START Exercise data

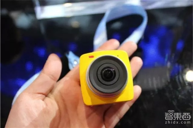 中兴展出的这款运动相机型号为MDM9215,整体呈骚黄色,外观看起来方方正正小巧可爱,目测不会比小蚁运动相机大。
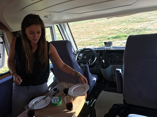 Zo’n camper huren is natuurlijk wel even wat anders dan een hotelkamer boeken of een appartement betrekken voor een paar dagen. Er zitten wat gebruiksaanwijzingen bij, maar met z’n drietjes hadden we het gauw genoeg door. Na leuke tips van Eduard is het tijd om op pad te gaan! Zonder uitgestippeld plan: we gaan rijden langs de kust en zien vanzelf wel op welke leuke plekken we uitkomen. En is iets niet leuk, dan rijden we gewoon verder. Dat is het fijne aan een camper, lijkt me: je hebt altijd je huisje bij je.
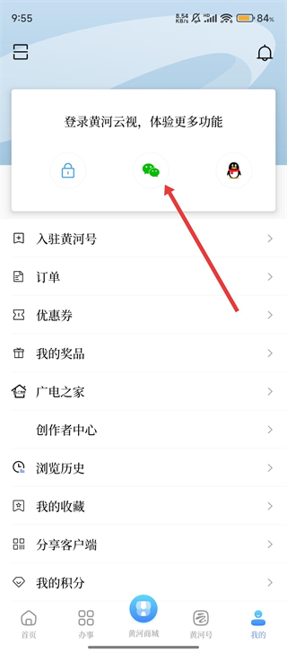 2、在【我的】頁面,選擇【微信】圖標登錄黃河云視呀。
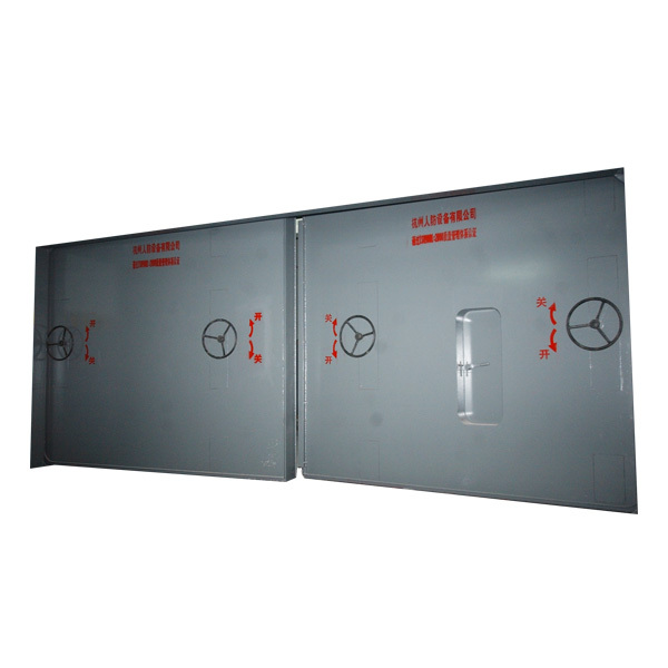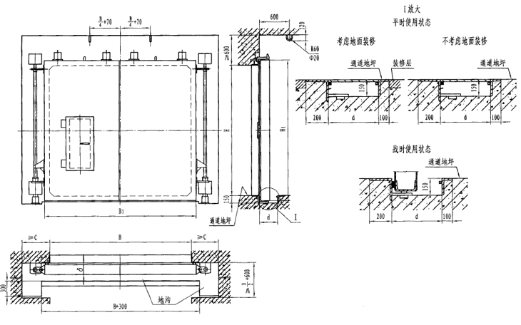 此類門的特點是平時地面無門檻,便于人員和車輛通行;戰(zhàn)時將門扇立轉(zhuǎn)、降落及平移,以滿足防護、密閉要求,其上帶有方便人員臨時出入的小門,平戰(zhàn)轉(zhuǎn)換快捷。新型降落門改進了其升降機構,操作更為方便。
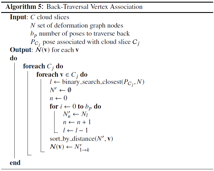 每个volume 中抽取点在 pose graph 中找连接点时,首先根据抽取点对应的 pose graph 点找到相邻的点,在找到的相邻点后,再和最近的 k 个相邻点建立连接,算法如下:
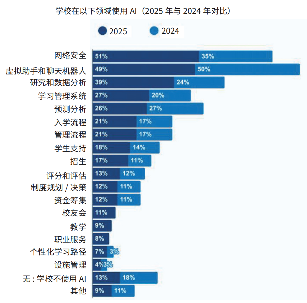 与其他部门就AI问题的协同沟通相对顺畅。三分之二的CTO(66%)同意,IT与教务部门之间存在有效的沟通渠道,可就AI政策及其他关键议题展开协作。63%的受访者表示,学校领导正积极参与AI相关讨论并认为此事至关重要。但仅35%的CTO认为所在学校正在妥善应对AI的崛起,只有19%的CTO认为整个高等教育正在应对AI的崛起。同时,32%的CTO部分认同,所在大学对AI的依赖程度较前一年有显著提升。学校应用AI的主要领域是网络安全(51%)和虚拟助手及聊天机器人(49%),其中公立大学的CTO尤其倾向于后者。

END Exercise data

* [Exercise aim]: Since the pictures don't belong in the copy, copy only the rest of the entries above exactly.

* [Answer for the task]:
 中兴展出的这款运动相机型号为MDM9215,整体呈骚黄色,外观看起来方方正正小巧可爱,目测不会比小蚁运动相机大。
 Zo’n camper huren is natuurlijk wel even wat anders dan een hotelkamer boeken of een appartement betrekken voor een paar dagen. Er zitten wat gebruiksaanwijzingen bij, maar met z’n drietjes hadden we het gauw genoeg door. Na leuke tips van Eduard is het tijd om op pad te gaan! Zonder uitgestippeld plan: we gaan rijden langs de kust en zien vanzelf wel op welke leuke plekken we uitkomen. En is iets niet leuk, dan rijden we gewoon verder. Dat is het fijne aan een camper, lijkt me: je hebt altijd je huisje bij je.
 2、在【我的】頁面,選擇【微信】圖標登錄黃河云視呀。
 此類門的特點是平時地面無門檻,便于人員和車輛通行;戰(zhàn)時將門扇立轉(zhuǎn)、降落及平移,以滿足防護、密閉要求,其上帶有方便人員臨時出入的小門,平戰(zhàn)轉(zhuǎn)換快捷。新型降落門改進了其升降機構,操作更為方便。
 每个volume 中抽取点在 pose graph 中找连接点时,首先根据抽取点对应的 pose graph 点找到相邻的点,在找到的相邻点后,再和最近的 k 个相邻点建立连接,算法如下:
 与其他部门就AI问题的协同沟通相对顺畅。三分之二的CTO(66%)同意,IT与教务部门之间存在有效的沟通渠道,可就AI政策及其他关键议题展开协作。63%的受访者表示,学校领导正积极参与AI相关讨论并认为此事至关重要。但仅35%的CTO认为所在学校正在妥善应对AI的崛起,只有19%的CTO认为整个高等教育正在应对AI的崛起。同时,32%的CTO部分认同,所在大学对AI的依赖程度较前一年有显著提升。学校应用AI的主要领域是网络安全(51%)和虚拟助手及聊天机器人(49%),其中公立大学的CTO尤其倾向于后者。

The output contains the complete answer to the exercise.